Panik atak

116 8 26
                                    

Taehyung'dan

Herkes ayaklanınca Jennie'nin yanına gelmiştik. Jennie'nin, teyzesinin evinin kapısından çıktığını görüp, yanına koştuk.

Lisa ve Rosè içeri girmek için adım atacakken, Jennie onları durdurdu.

"Girmeyin, bu görüntüleri kaldıracak kadar güçlü değilsiniz. Sizi de kaybetmek istemiyorum."

Lisa ve Rosè göz yaşlarına boğulurken Jisoo, Jennie'yi itip içeri geçti.

Fakat, karşılaştığı manzara o kadar kötüydü ki, ağzından güçlü ve uzun bir çığlık firar etti.

Polisler Jennie'den çoktan sorgusunu almıştılar. (buraları çok uzatmak istemedim)

Jennie kapının kenarına çöktü ve kafasını duvara yasladı. Yanına gittim. Fakat, sesi o kadar güçsüz çıktı ki, yanından koşarak ayrıldım ve ağlamaya başladım.

"Git.. Yalnız kalmak istiyorum. Toparlanmam gerek."

Gözyaşlarım ister-istemez göz bebeklerimi terk ediyor, bardaktan su boşalırmışcasına akıyordu.

Kendimi bu halde gördükten sonra anladım Jennie'nin dünyadaki en güçlü kız olduğunu.

Jin hyung ve Namjoon hyung Jennie'yi kollarından tuttukları gibi arabaya taşıdılar.

Jennie karşı çıkmadı.

Jennie karşı çıkamadı.

Jennie Jin hyung'a bakarak sorusunu sordu.

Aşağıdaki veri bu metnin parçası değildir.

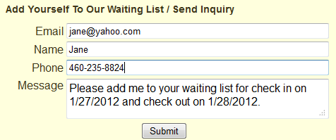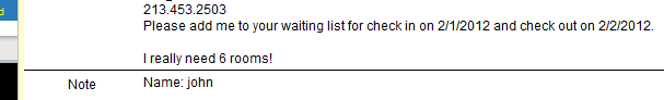 The message submitted through this new form is sent to your ReservationKey account email and added to the notes bar for the arrival date the prospective guest searched. Adding the information to the notes bar is especially useful since it ties the request to a specific date. If you have a cancellation and a room opens up, instead of trying to remember what dates you had an inquiry for, you can see that you have a note for that date already set up with the wait list guest’s information.

"Oppa, kapatıcı var mı? Göz altlarımı.. Kapatmam gerek. Fanlarımın beni böyle görmesini istemiyorum. Düşmanlarımı.. onları güldüremem"

Jin hyung ağlamaya devam ederken, kafasını salladı onaylar şekilde. Ardından kapatıcıyı Jennie'ye uzattı.

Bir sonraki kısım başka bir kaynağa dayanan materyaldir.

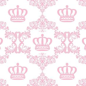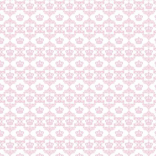 Papel De Parede Branco E Coroas Rosa Infantil Quarto Bebê

Jennie kapatıcı ile göz altlarını kapatmaya başladı.

Ardından arabadan inmek için kapıyı açtı, dışarı ilk adımı attı. Fakat, birden bire nefesi daralmaya başladı. Vücudu titriyor, kalbi çırpınıyor, nefes almakta zorlanıyordu. Başı dönüyor, midesi bulanıyor ve boğazında oluşmuş yumru yüzünden yutkunmakta güçlük çekiyordu. Vücudu karıncalanmıştı. Bir yandan tir-tir titriyor, diğer yandan ter akıtıyordu. Yavaş-yavaş üşümeye de başlamıştı.

Jennie çok ciddi bir panik atak geçiriyordu.

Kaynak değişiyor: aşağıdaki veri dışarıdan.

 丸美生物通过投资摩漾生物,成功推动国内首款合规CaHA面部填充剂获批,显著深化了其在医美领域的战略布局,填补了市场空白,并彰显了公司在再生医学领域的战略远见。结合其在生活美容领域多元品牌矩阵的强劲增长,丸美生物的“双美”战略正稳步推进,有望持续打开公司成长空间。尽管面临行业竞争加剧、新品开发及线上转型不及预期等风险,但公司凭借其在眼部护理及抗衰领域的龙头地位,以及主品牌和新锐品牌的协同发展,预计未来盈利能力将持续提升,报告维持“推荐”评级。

İlk defa, tüm bu duyguların hepsini birlikte yaşamaya başlamıştı. Normalde, panik atak zamanı, sadece nefes almakta zorluk çekiyor ve vücudu titriyordu. Fakat, şimdi durumu ciddiydi.

Ölüyormuş gibi hiss ediyordu.

Sonunda dengesini kaybetti ve yere düştü. Bunu gören Jungkook koşarak Jennie'nin yanına geldi ve kafasını bacaklarının üstüne koydu.

Jennie nefes alamıyordu.

Sanki ruhu çekiliyordu.

Gözleri açıktı, fakat, bulanık görüyor, görme kaybı yaşıyordu. Bazen gözleri kararıyor, fakat sonra geçiyordu.

Jungkook bağırmaya başladı.

"JENNİE! HAYIR, HAYIR. HEY ÇOCUKLAR! HEMEN HASTANEYE GİTMELİYİZ!"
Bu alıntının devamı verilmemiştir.